The Daily Outrage

The CCR blog

Finally! Longtime Guantánamo client Majid Khan is free

We are thrilled to share this news: Center for Constitutional Rights client Majid Khan was transferred from Guantánamo to Belize today. He is the first “high-value” detainee to be released, and the first man to be resettled to a third country by the Biden administration. 

As Majid said in our press release:

“I have been given a second chance in life and I intend to make the most of it. I deeply regret the things that I did many years ago, and I have taken responsibility and tried to make up for them. I continue to ask for forgiveness from God and those I have hurt. I am truly sorry. The world has changed a lot in twenty years, and I have changed a lot as well. I promise all of you, especially the people of Belize that I will be a productive, law-abiding member of society. Thank you for believing in me, and I will not let you down. My actions will speak louder than my words.”

Read the full statement.

This day has been a long time coming. Majid was captured and disappeared by the United States in 2003, when he was 23 years old, and detained in CIA detention sites where he was brutally tortured. His family hadn’t heard from him for years and thought he was dead when they reached out to the Center for Constitutional Rights for help. In September 2006, George W. Bush announced that Majid and 13 other men, referred to as “high-value” detainees, were transferred to Guantánamo. Two weeks later, we filed a habeas case in federal court challenging his detention.

Majid’s first words to us were in a postcard he sent through the International Red Cross to our then-president, Michael Ratner. “I just wanted to send [a] thank you note for fighting for me and doing your best to get me out of here. Please! Don’t give up, keep trying.” 

We never gave up, even when the obstacles felt insurmountable.

The U.S. government fought to deny us access to Majid because of what he knew about the CIA’s secret torture program – because of what they had done to him – until we traveled to the prison to meet him in October 2007. Over the last two decades, we have litigated multiple cases on his behalf in federal court and in the military commissions system. As we challenged Majid’s detention, we also fought to expose the truth about the torture that he and other Muslim men endured in CIA detention sites across the globe, despite continued attempts every step of the way by the government to conceal key information about the program.

In February 2012, Majid was charged before a military commission at Guantánamo and pled guilty to various offenses pursuant to a plea agreement.

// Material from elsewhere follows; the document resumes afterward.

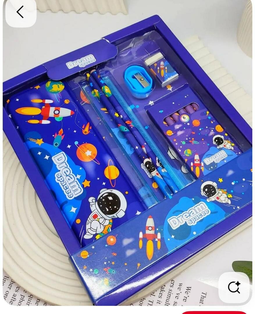 Ce kit de papeterie sur le thème de l'espace ravira les jeunes explorateurs. Comprend stylos, crayons, gomme, règle et taille-crayon, parfait pour l'école ou à la maison. Un cadeau idéal pour stimuler la créativité des enfants.

At his sentencing hearing in 2021, he delivered a powerful personal statement  for more than two hours in open court, expressing remorse for past actions and sharing his hopes of reuniting with his wife and daughter. Seven of the eight jurors at his hearing wrote a letter recommending clemency for him, and he completed his reduced sentence on March 1, 2022. 

We are so proud of Majid. He not only survived but persevered within a system designed to break him, and he never stopped working toward his future.

We couldn’t have gotten here without our co-counsel at the law firm Jenner & Block and the Military Commissions Defense Organization, and all of the human rights advocates and supporters who have stood with us for the last 21 years demanding justice, accountability, and Guantánamo’s closure. 

Today’s news is a victory for Majid, for us, and for the Biden administration, who can – and must – build on this momentum to release more men and meaningfully work to close the prison. 

A world without Guantánamo is possible.